Extracting catchy features from a folder of such files involves three steps:

1. Base feature extraction

Here, basic, familiar feature time series are extracted. The toolbox currently implements (wrappers for) MFCC, chroma, melody and perceptual feature extraction.

This part of the toolbox relies on a lot of external code, but it's also easy to work around: if you want to use other features, just save them to a set of csv files (1 per song section--see below) in some folder (1 per feature).

2. Pitch descriptor extraction

This part computes mid-level pitch descriptors from chroma and/or melody information computed in step one. Essentially an implementation of several kinds of audio bigram descriptors.

See also [1] and [2].

3. Feature transforms

Compute 'first' and 'second order' aggregates of any of the features computed in step 1 and step 2.

See [2].

[1] Van Balen, J., Wiering, F., & Veltkamp, R. (2015). Audio Bigrams as a Unifying Model of Pitch-based Song Description. In Proc. 11th International Symposium on Computer Music Multidisciplinary Research (CMMR). Plymouth, United Kingdom.

[2] Van Balen, J., Burgoyne, J. A., Bountouridis, D., Müllensiefen, D., & Veltkamp, R. (2015). Corpus Analysis Tools for Computational Hook Discovery. In Proc. 16th International Society for Music Information Retrieval Conference (pp. 227–233). Malaga, Spain.

Dataset

Let's import some audio data and see how all of this works.

The CATCHY toolbox was designed for the analysis of a corpus of song sections.

CATCHY therefore requires data to be represented as a python dictionary of song section paths, grouped by song id.

utils.dataset_from_dir() makes such a dictionary given a folder of audio files, labeled songid-sectionid.ext where ext can be wav or mp3


In [1]:
audio_dir = '../Cogitch/Audio/Eurovision/'


---------------------------------------------------------------------------
NameError                                 Traceback (most recent call last)
<ipython-input-1-0741743ba8a7> in <module>()
      1 audio_dir = '../Cogitch/Audio/Eurovision/'
      2 
----> 3 utils.dataset_from_dir(audio_dir)

NameError: name 'utils' is not defined

In [6]:
euro_dict = utils.dataset_from_dir(audio_dir)

Base features

Basic feature time series can be extracted using the base_features module. The function compute_and_write() provides a convenient wrapper around most of the functionality in this module, reading audio and computing a set of basic, useful features.

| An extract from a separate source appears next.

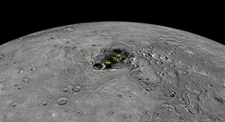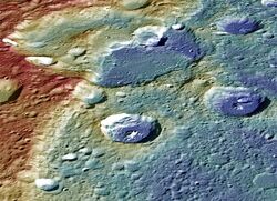 A "rimless depression" inside the southwest rim of the Caloris Basin consists of at least nine overlapping volcanic vents, each individually up to 8 km (5.0 mi) in diameter. It is thus a "compound volcano".[76] The vent floors are at least 1 km (0.62 mi) below their brinks and they bear a closer resemblance to volcanic craters sculpted by explosive eruptions or modified by collapse into void spaces created by magma withdrawal back down into a conduit.[76] Scientists could not quantify the age of the volcanic complex system but reported that it could be on the order of a billion years.[76]

The results will be written to a set of csv files in data_dir.

Currently requires a dir to made for each of the features.


In [ ]:
data_dir = '../Cogitch/Data/Eurovision/'

In [7]:
# base_features.compute_and_write(audio_dir, data_dir)

Pitch Features

The pitch_features module provides code to compute, from the variable-length base features computed above, fixed-sized melody and harmony descriptors for each of the song sections.

pitch_features.compute_and_write() again provides a high-level wrapper function. The features that it should compute must be provided in a dictionary of (feature_function, parameters) tuples, with some feature name of your choice for each as keys.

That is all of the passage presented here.